Is Folate (B9) better than Magnesium?

It depends on your goals. Folate (B9) and Magnesium serve different purposes and are often taken together.

Can I take Folate (B9) and Magnesium together?

In most cases, yes. Folate (B9) and Magnesium can be taken together safely. However, always check for specific interactions and consult a healthcare professional if you take medication.

What is the best time to take Folate (B9)?

With food, preferably at breakfast

What is the best time to take Magnesium?

Evening for sleep benefits, split doses for absorption

What are the side effects of Folate (B9)?

Nausea or gastrointestinal upset (typically at high doses). Headaches or fatigue. Potential B12 deficiency masking with excessive supplementation.

What are the side effects of Magnesium?

Loose stools (especially citrate/oxide forms). Rare: low blood pressure at very high doses. Generally very safe.

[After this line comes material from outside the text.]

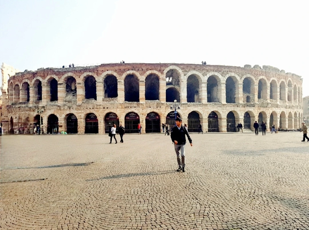 2017년 회사 일로 밀라노 출장을 갔었습니다. 일을 다 마치고 귀국하기까지 스페어 데이로 잡아둔 하루가 비었습니다. 오, 베로나를 갈 기회가 온 것입니다. 그래서 고민 없이 로미오와 줄리엣이 사는 영문학의 고도 베로나로 향했습니다. 예상대로 중세의 낭만이 서린 베로나에서 그 커플을 만난 저는 그 도시에서 과외로 전혀 예상하지 못한 고대의 건축물을 보고 매료당했습니다. 로마의 콜로세움과도 같은 거대한 원형 경기장이 도시 한가운데에 있던 것이었습니다.

How We Compare Supplements

This comparison is based on published clinical research, peer-reviewed studies from PubMed, and established nutritional science. We evaluate dosages based on clinically-effective amounts, not manufacturer recommendations. Benefits listed have at least moderate evidence from human studies. When evidence is limited or conflicting, we note this.

Disclaimer: This comparison is for educational purposes only and is not medical advice. Always consult a qualified healthcare professional before starting any supplement, especially if you take medication or have existing health conditions.